Our flight is from Bangkok to Tokyo Narita airport, a nine-hour haul on airline ANA. Little leg room, and I am seated behind a guy who insists on reclining (even after I politely explain the situation to him) and who constantly wiggles and bounces on my two patellas. Thankfully, we have a spare seat in our group of three where I can extend my legs. Otherwise I would have had to move seats.

We have to undergo security checks once again in Tokyo, a huge lineup. I'm guessing the meticulous Japanese don't trust the screening procedures where you came from. 4-hour wait for our flight to Vancouver. It strikes me that we are flying east to get home, and we flew east to get to SE Asia, which means that we have circumnavigated the globe on this trip (again).

I greatly enjoy the enhanced leg room on the next leg (premium economy), which is a relatively short nine hours from Tokyo to Vancouver. We watch movies and cajole the flight attendants into giving us more wine.

Four-hour layover in Vancouver, and then back home safe and sound to Ottawa. A total of 33 hours with virtually no sleep, so we're fairly wrecked, but oh so pleased to finally be home again.

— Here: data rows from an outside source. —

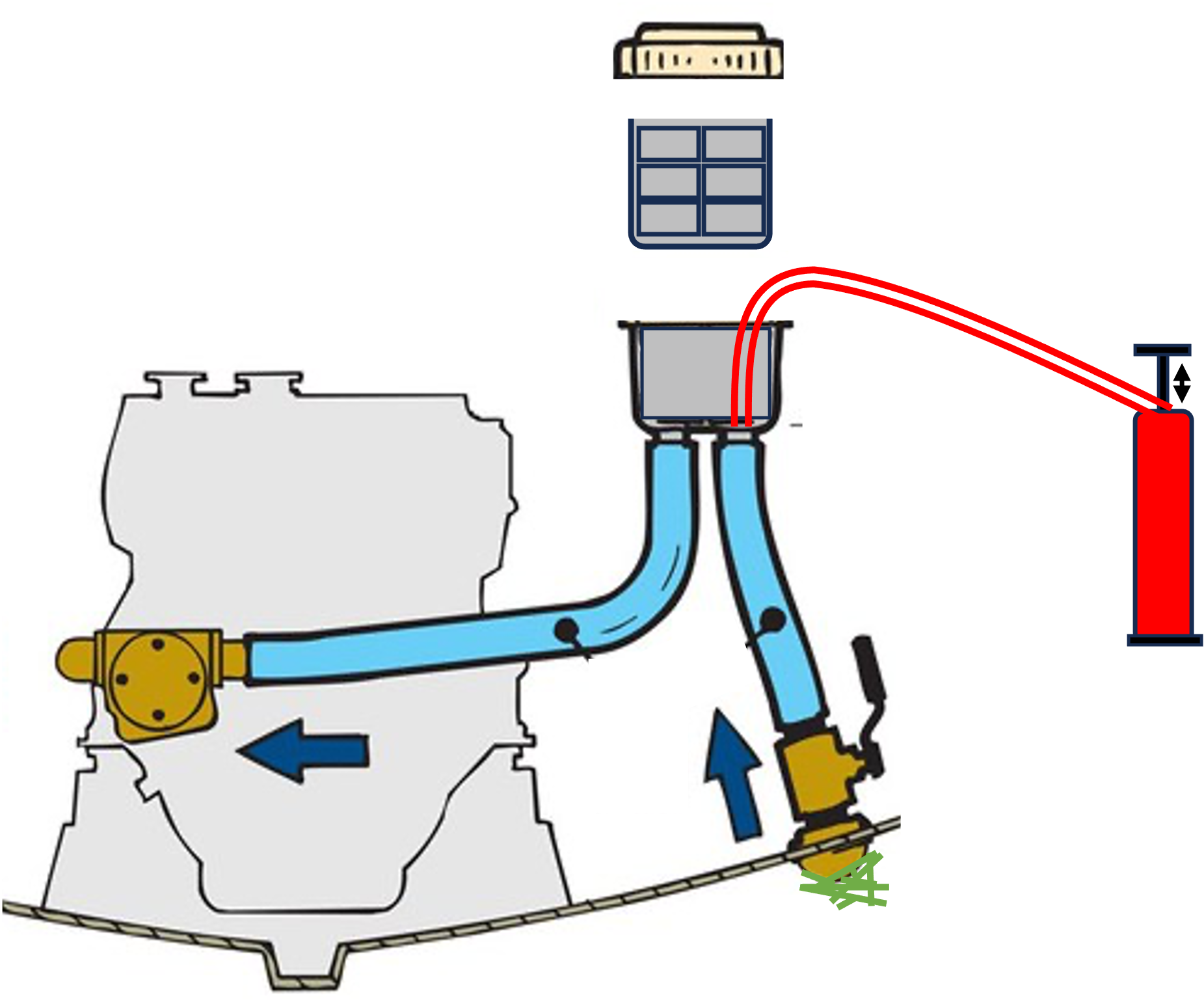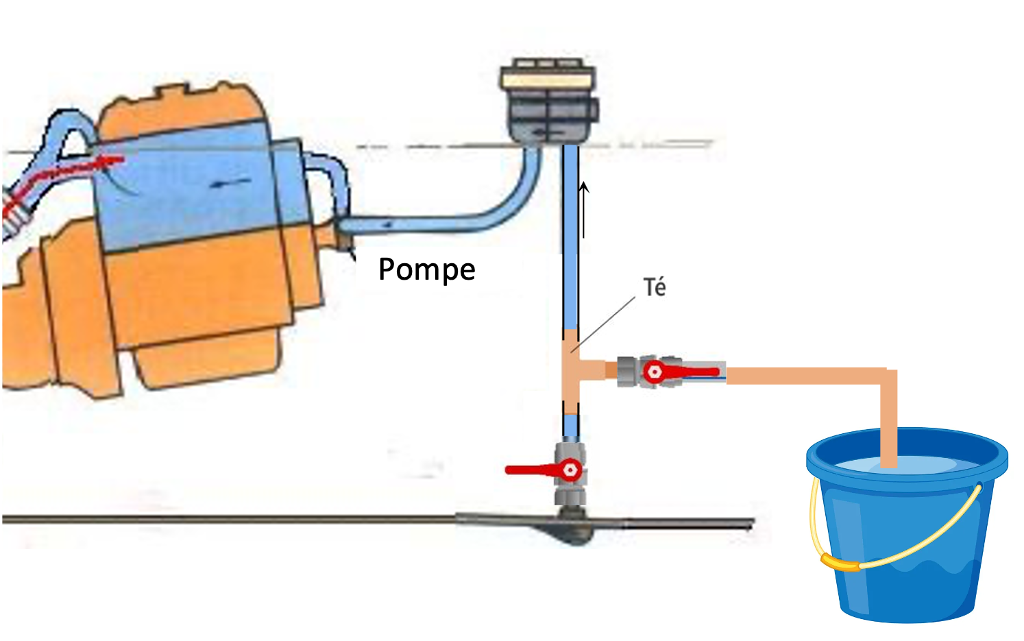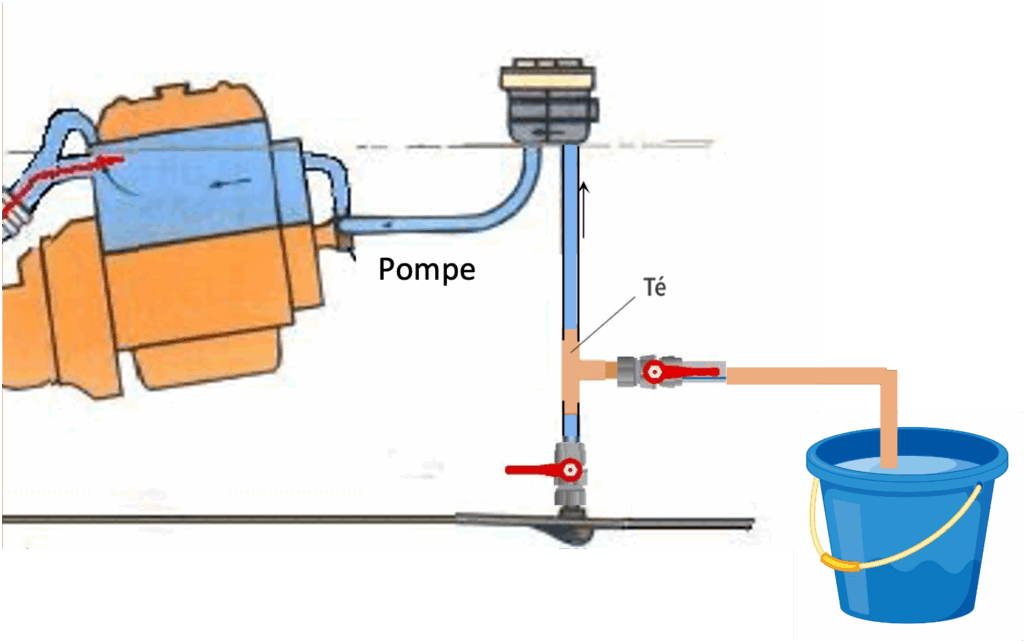Vanne de coque fermée, vanne quart de tour ouverte, c’est le contenu du seau qui est aspiré.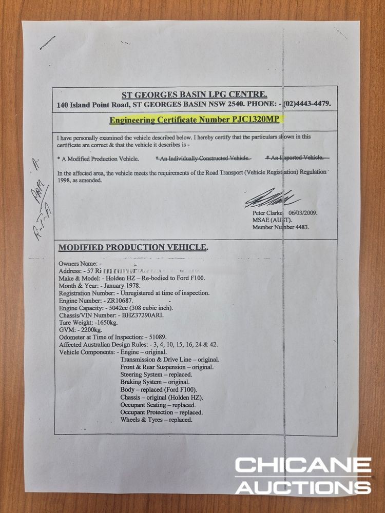 Beneath the bonnet is a 308 cubic-inch V8, paired with a Turbo 350 three-speed automatic transmission and driving through a Salisbury 10-bolt V8 differential. Breathing through extractors and a twin chrome side-exit exhaust, it delivers strong performance with a great V8 soundtrack. The engine is currently set up to run on straight LPG, but is also supplied with its 100-litre alloy drop tank and all fitment brackets supplied, with the original fuel lines remaining intact, to make conversion back to petrol very simple. Supporting the drivetrain is the original Holden HZ suspension, steering, and braking system. Air-conditioning is also fitted for extra comfort.
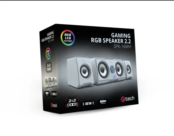 C-TECH spk-16wh. Audio output channels: 2.1 channels, RMS rated power: 16 W, Recommended usage: Universal. Amplification device form factor: Built-in. Front speaker type: 1-way, Front speakers RMS power: 6 W, Front speaker frequency range: 150 - 20000 Hz. Center speaker type: 1-way, Center speaker RMS power: 10 W, Center speaker frequency range: 150 - 20000 Hz. Power source: USB

It's perhaps too early for profound thoughts on this journey. However, one impression that stands out for me is that, even though three of the four countries we visited are communist, we didn't find the atmosphere communist at all. (We toured the Soviet Union when it was the Soviet Union, so we can speak with at least some authority.) The dominant mood among the people is very entrepreneurial and, frankly, capitalistic. While remaining keenly aware of their long history and particularly of the tumultuous events of the 20th century, the peoples of SE Asia are looking forward, not backward. They are determined to improve their lot in life and that of their children. They do not generally hold their governments and political leaders in high regard and do not expect them to move things along. They know they will have to rely on themselves.